To keep afloat during cashflow lulls and avoid hefty fees for late tax payments and other obligations, businesses are in effect paying their customers to cough up.
Greg Charlwood, Managing Director for cashflow solutions company Bibby Financial Services, said that prompt payment discounts of between two and seven percent, though unfair, are a reality for more than half of Australian SMEs.
“For many small businesses, prompt payment discounts are considered the only viable way to maintain a healthy cashflow.
“However the costs borne by SMEs to attract 30 day payment settlement equates to far more than a five or six percent sales discount.
“For example a small business that turns over $800,000 annually and offers a four percent payment discount on all invoices potentially loses more than $32,000 every year. If this amount was saved and invested at a decent rate of interest over five years, the company would have accrued around $195,000 to reinvest into the business.”
According to Charlwood, a growing number of SMEs across multiple sectors are turning to factoring to avoid the significant pitfalls of catering to late paying customers.
Factoring offers small and medium business operators access to a flexible source of finance by unlocking funds tied up in invoices, thereby creating an immediate injection of cash. This service is also referred to as discounting.
Charlwood attributes this growth in factoring to the need among SMEs for a flexible financing solution that banks loans do not offer.

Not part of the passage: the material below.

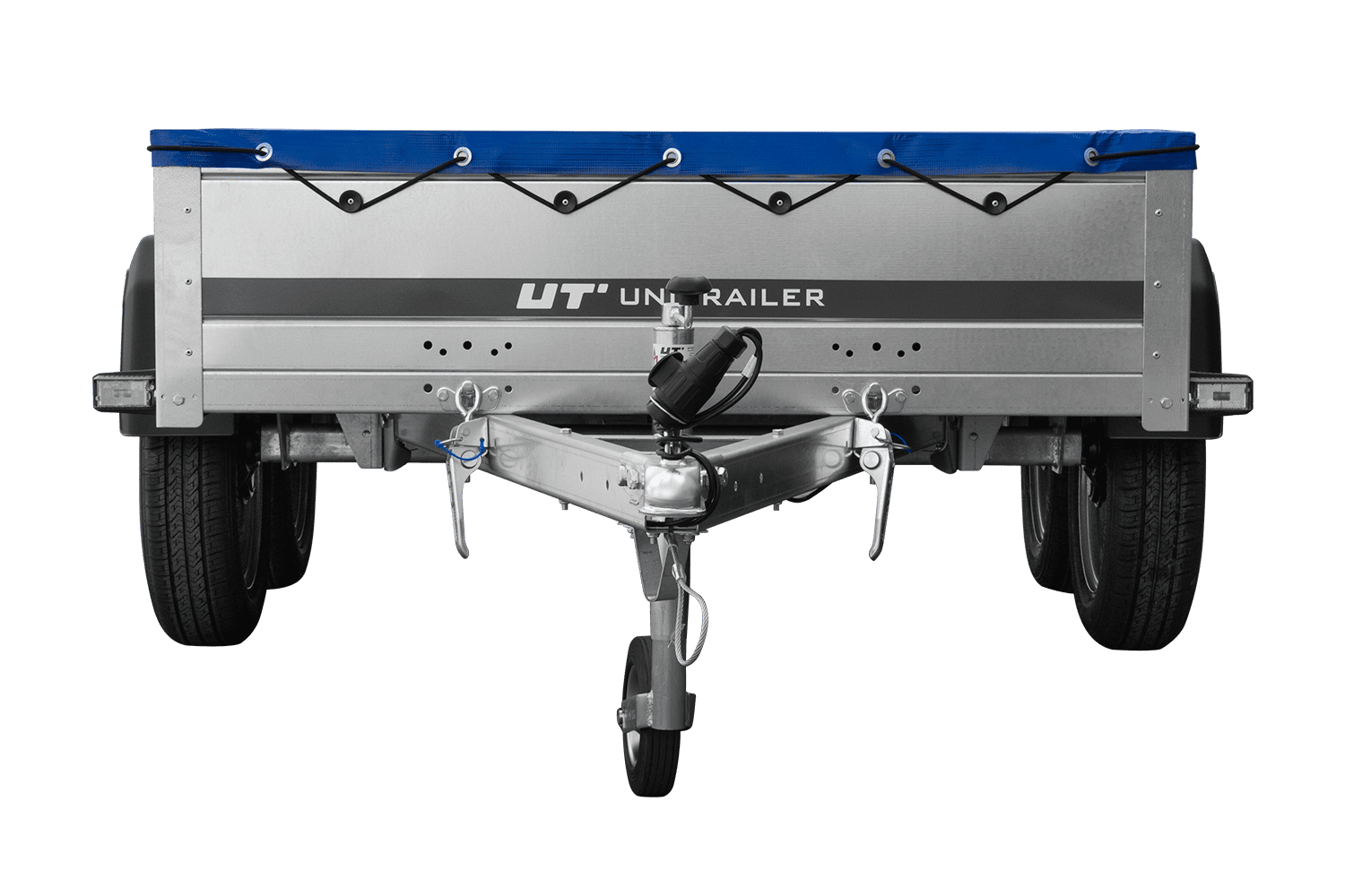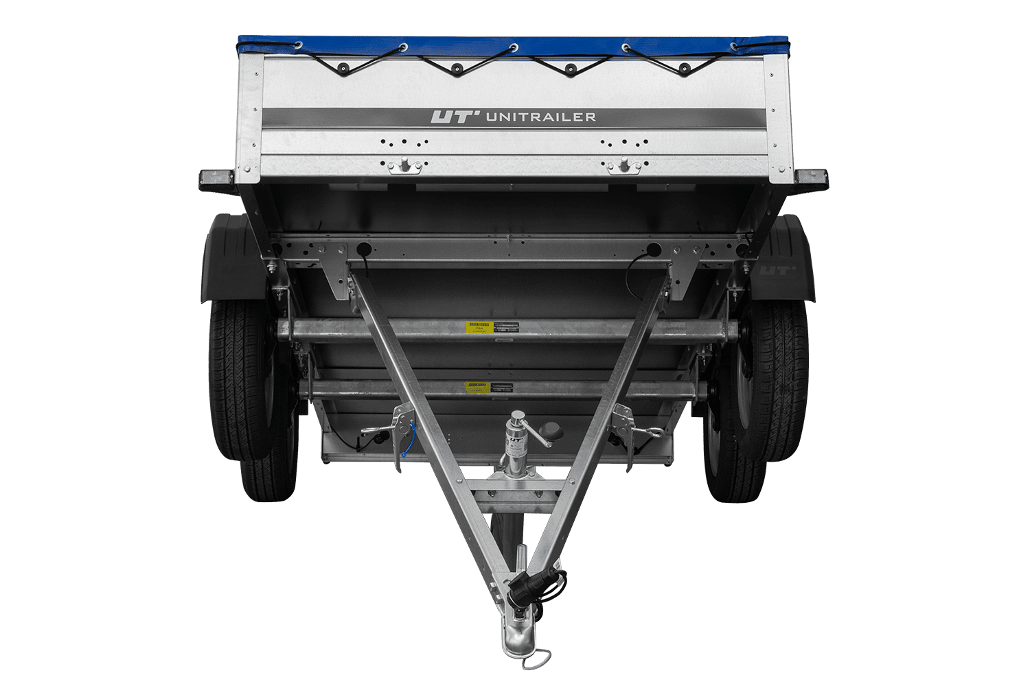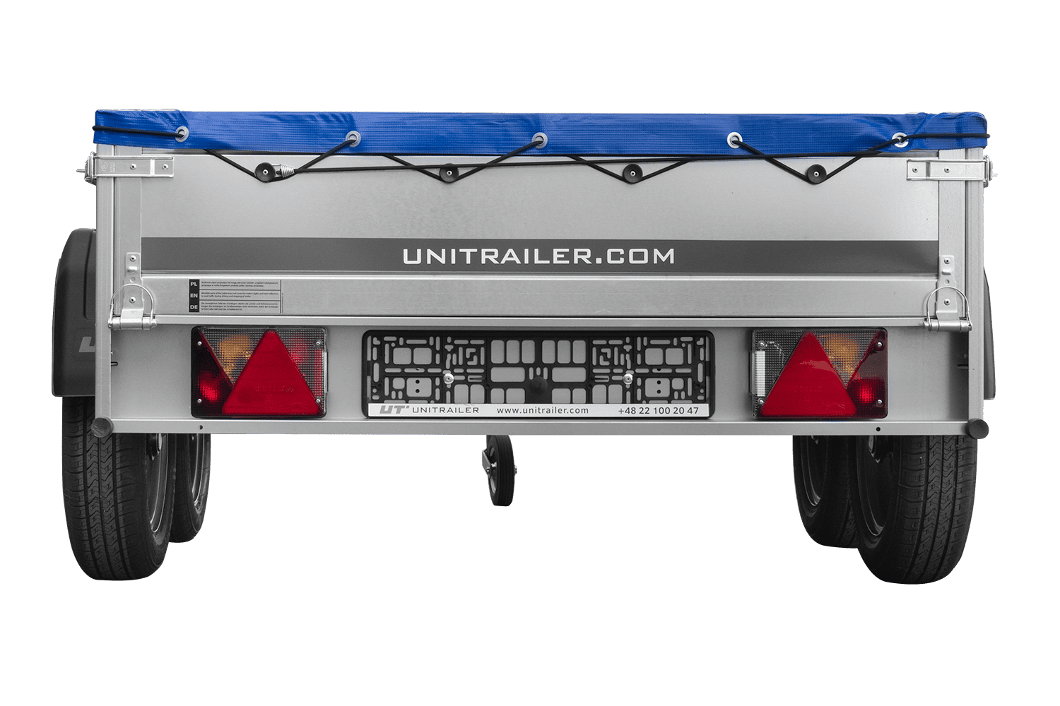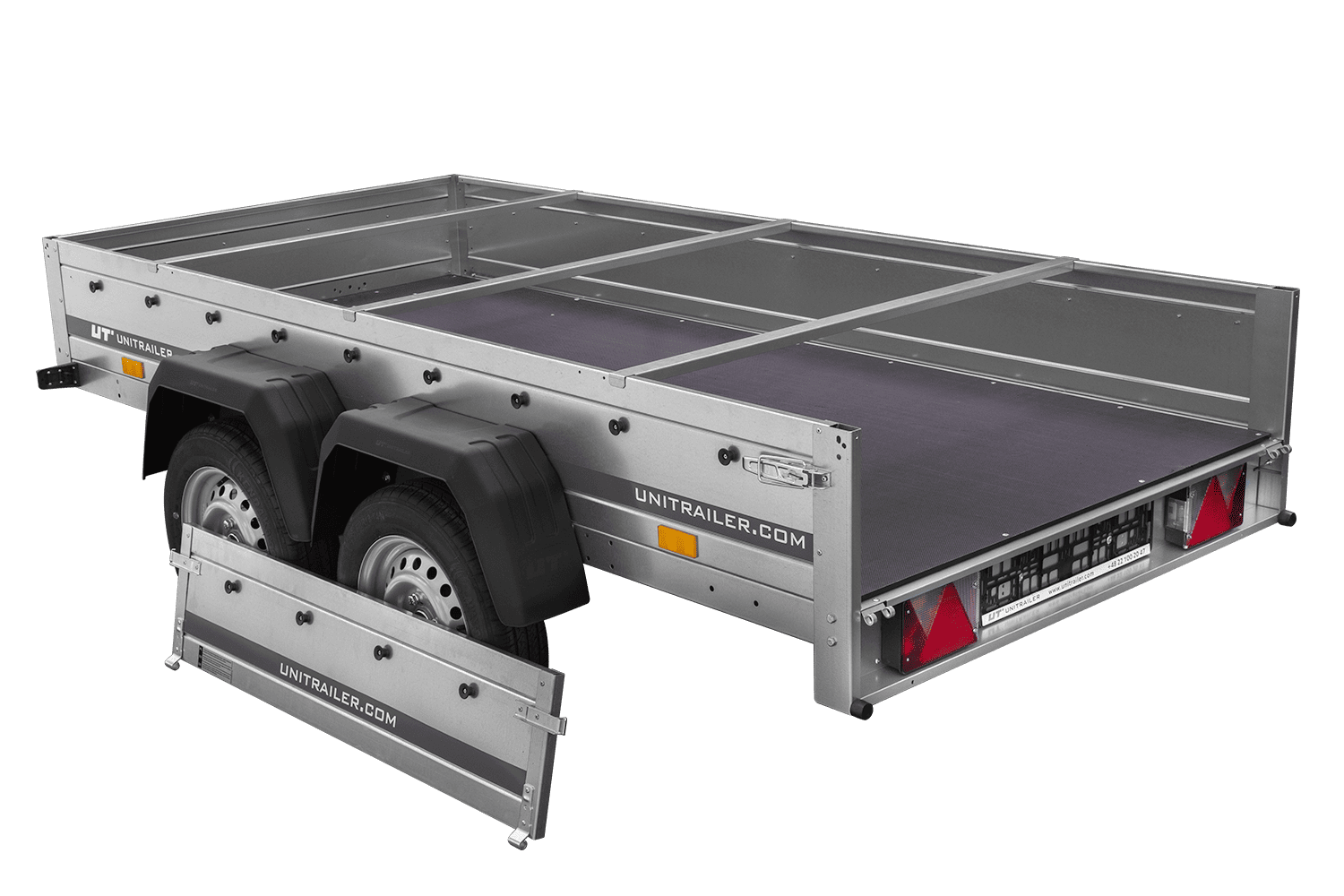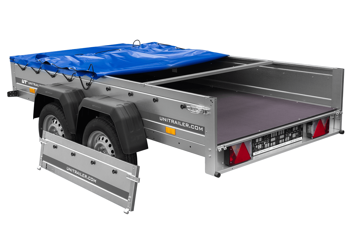 Dvounápravový přívěs Unitrailer 264/2 v sadě s plachtou a plochým rámem H-0

“Bank loans can be very suffocating to small businesses who are forced to offer their business and even personal assets to secure the loan amidst uncertainty as to how their businesses will perform.
“Factoring on the other hand enables SMEs to vary funding arrangements in line with business performance and growth. Within 24 hours of credit approval, the factoring agent can inject cash into the business valued at up to 90% of its unpaid invoices.”
Factoring also provides a service to collect and administer debts on behalf of the SME.